FAISS (Semantic Search): Utilizes dense embeddings from 'Qwen3-Embedding-0.6B' to find semantically aligned passages—even when the exact terms don’t match. This is useful when users ask conceptually phrased questions.
BM25 (Syntactic Search): A robust lexical retrieval algorithm that ranks document chunks based on how often query terms appear and how unique those terms are. Ideal for precision-focused, term-heavy queries.

Together, these systems ensure high recall (catching meaning) and precision (capturing keywords), giving the LLM both breadth and accuracy of context.

2. Agentic Work: SmolAgents Make Intelligent Tool Decisions

Unlike static pipelines that blindly apply one retrieval method, SmolAgents introduce agentic reasoning—allowing the system to choose tools dynamically based on the query context.

Here's how it works:

The CodeAgent receives a query and evaluates whether it's answerable from the provided document chunks.
It always attempts retrieval first via the 'HybridRetrieverTool'.
If the document context is insufficient or irrelevant, the agent may fall back to web search using 'DuckDuckGo'.
All steps and tool outputs are logged, promoting transparency and explainability in agent decisions.

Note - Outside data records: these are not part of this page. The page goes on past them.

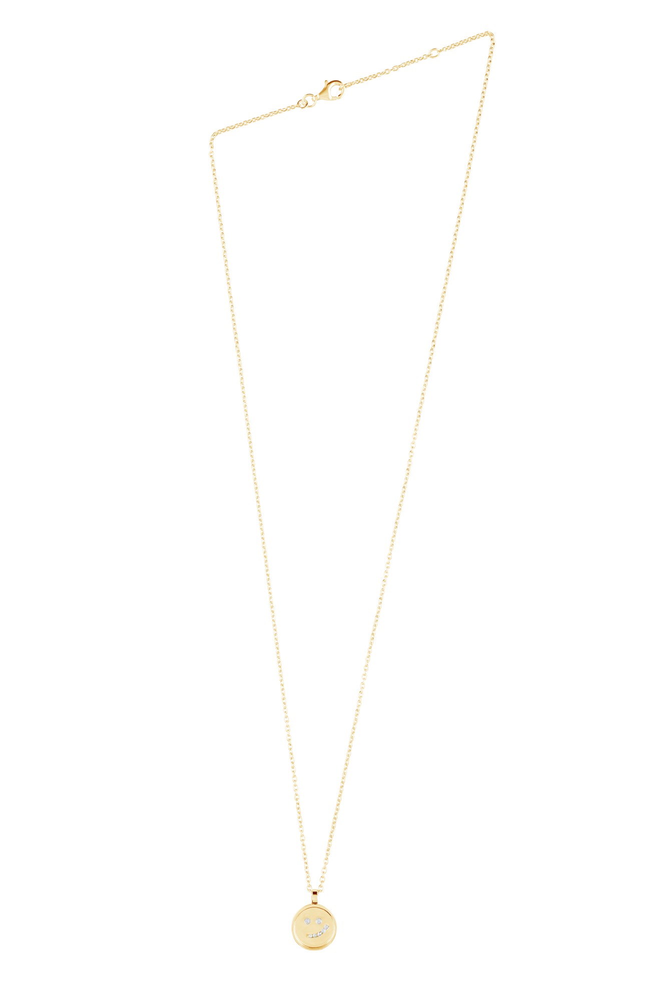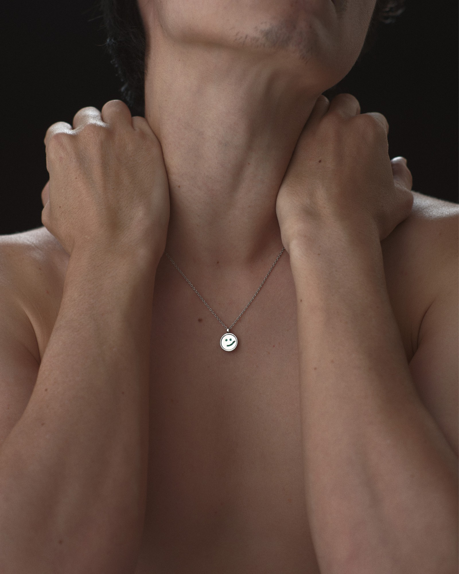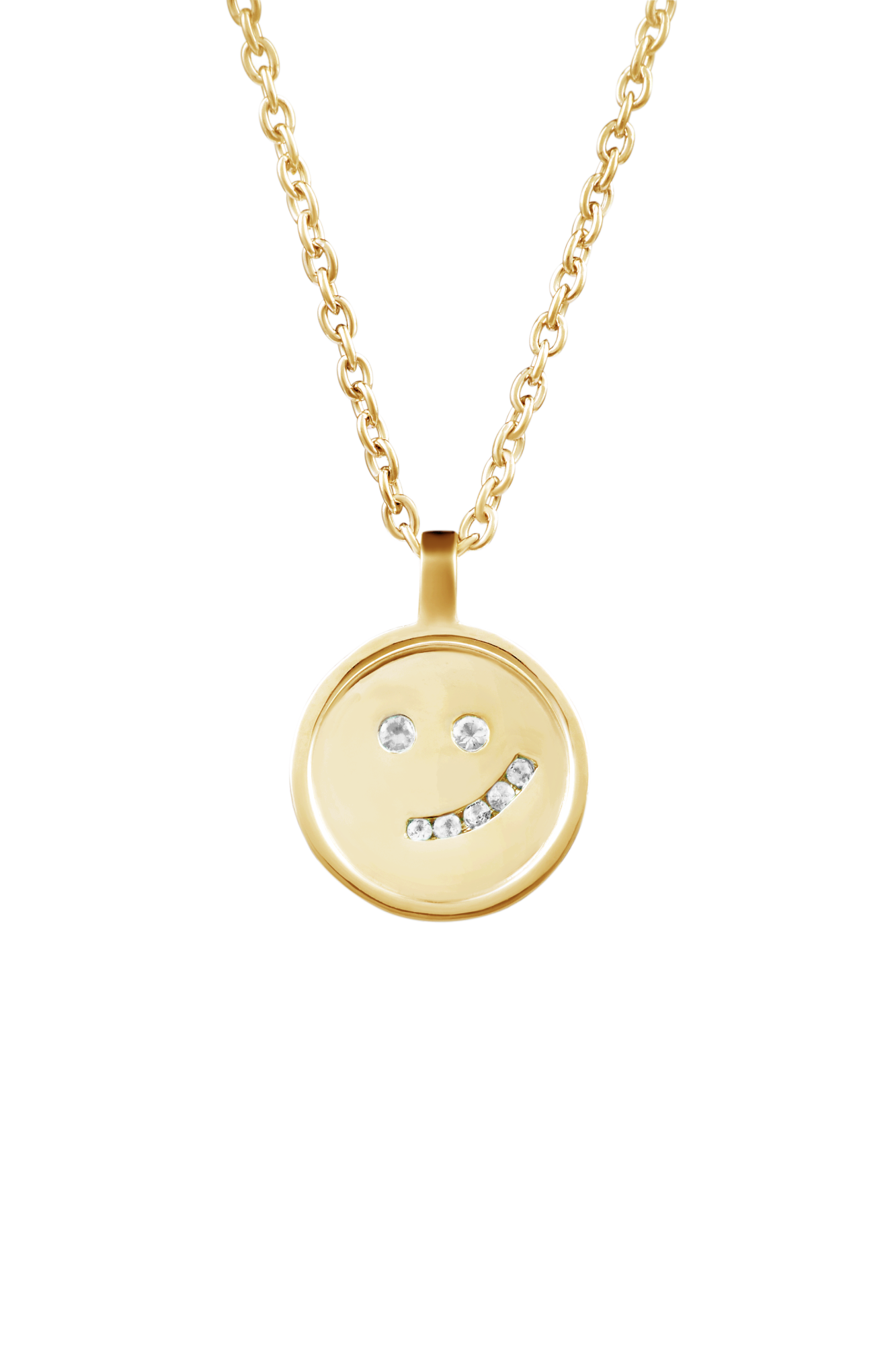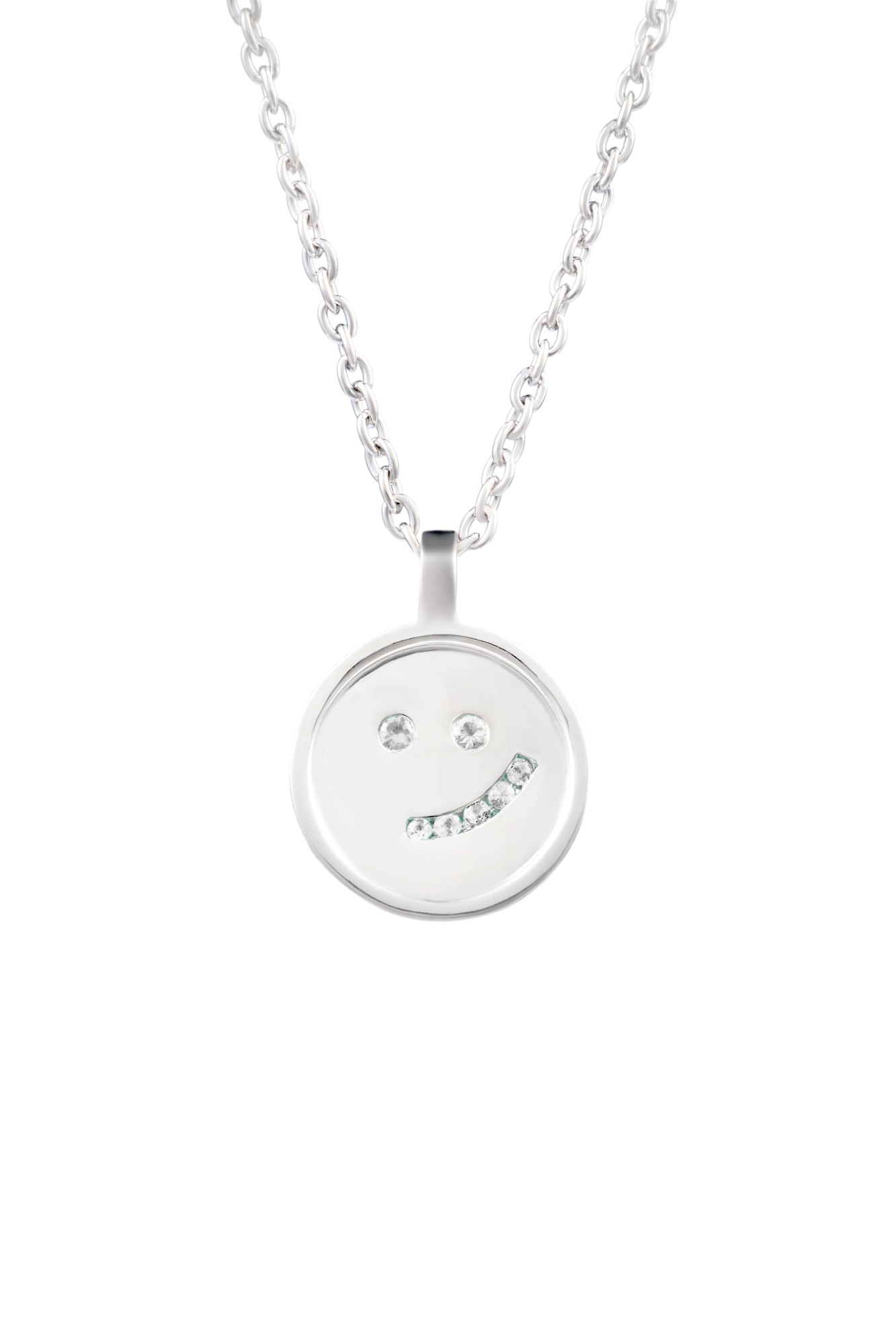 In Thai, “Yim” means “smile.” This fun necklace features white topaz for the smiley face on a circular pendant. Gemstones may vary in color.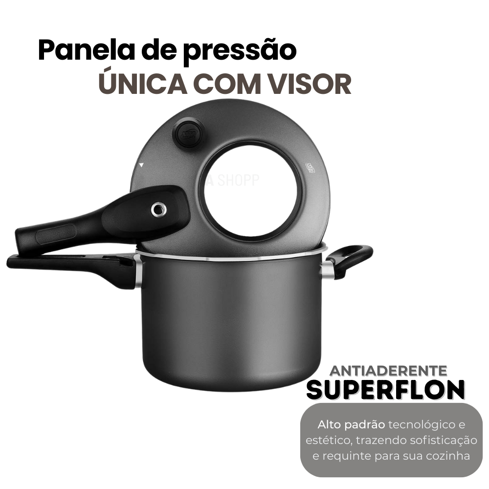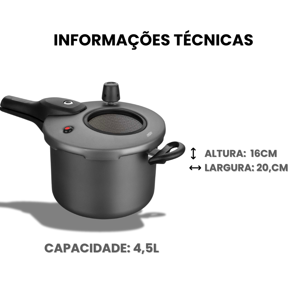 Panela de Pressão com Fechamento Externo 4,5L Com Visor de Vidro Antiaderente Preto Grafite MTA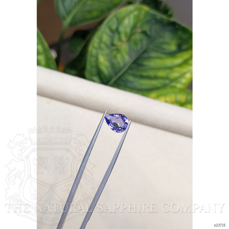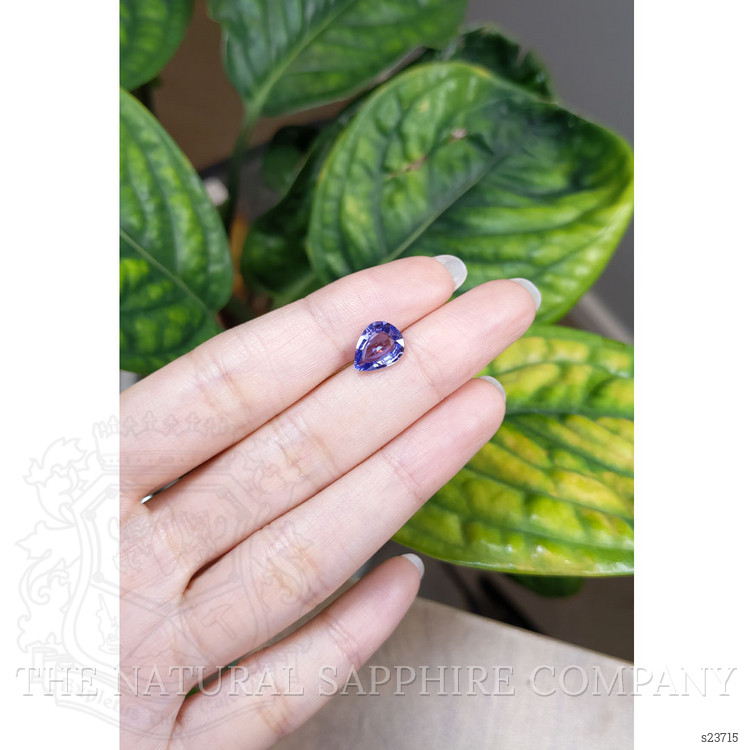 Discover the extraordinary elegance of The Natural Sapphire Company's latest creation, a stunning ring that embodies both sophistication and unparalleled craftsmanship. At its heart lies a breathtaking 2.60 carat pear-shaped purple sapphire, sourced directly from the gem-rich lands of Madagascar. This exquisite gem, with dimensions of 10.23 x 7.87 x 3.90 mm, is masterfully cut in a mixed brilliant style to enhance its innate brilliance and create an alluring play of light. Its medium intense color saturation and clarity grade of very slightly included ensure an unmatched depth and vibrancy that set it apart from other sapphires available in the market.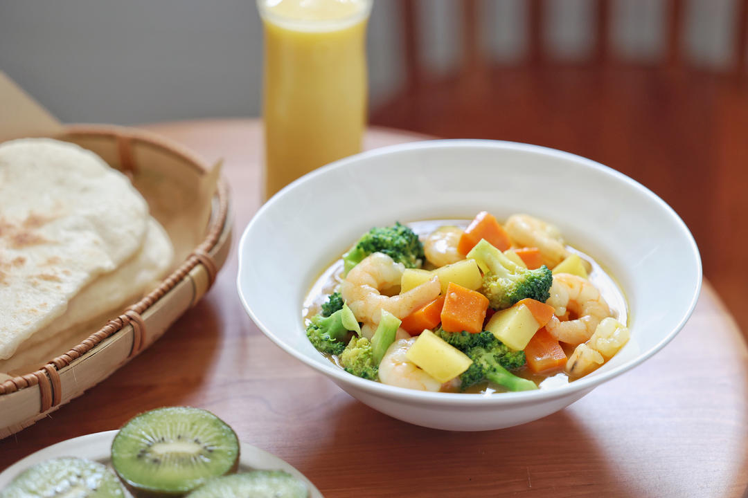 咖喱虾仁泡烤饼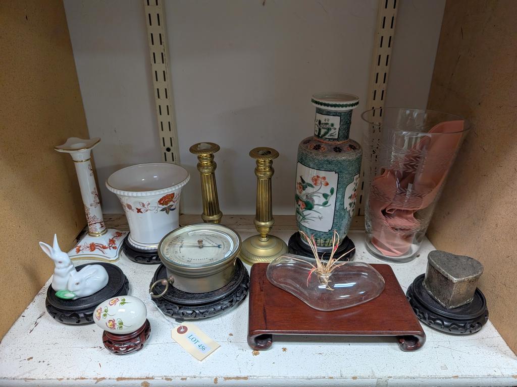 Lot 456: Shelf Of Knick Knacks Incl. Asian Vase, Candle Holders.

This modular, decision-driven approach allows the system to be both resource-efficient and trustworthy—prioritizing local knowledge before relying on external sources.

Technical Architecture

The architecture of our Agentic RAG system integrates various components working together to ensure efficient retrieval and generation. At a high level, the system comprises the following components:

1. Document Ingestion & Chunking:

PDF Loader: Uses LangChain’s 'PyPDFLoader' to ingest source documents.
Text Splitter: The 'RecursiveCharacterTextSplitter' efficiently segments content into manageable chunks for embedding.

2. Hybrid Retrieval:

FAISS (Semantic Search): Utilizes dense embeddings (from the 'Qwen3-Embedding-0.6B' model) to fetch semantically similar content.
BM25 (Syntactic Search): Complements FAISS by scoring chunks based on exact keyword matches.

The results of both retrieval methods are combined and deduplicated before being handed off.

3. Agentic Decision Making:

SmolAgents Framework: The core agent assesses the query, determines which tools to invoke, and sequences the retrieval process.
The agent’s prompt enforces a tool usage policy—prioritizing the local document retriever over fallback methods (e.g., web search via DuckDuckGo).

4. Local Inference Engine:

Qwen2.5-3B-Instruct with IPEX: This local LLM, optimized using Intel Extension for PyTorch (IPEX), generates the final answer based on the retrieved context.

5. Output Delivery:

The pipeline concludes by synthesizing the retrieved data and generating a fluent, grounded answer to the user query.

Code Breakdown

Step 1: Import Necessary Libraries

The code starts by importing all the essential Python libraries required for building a hybrid-retrieval Agentic RAG system that runs efficiently on Intel GPUs.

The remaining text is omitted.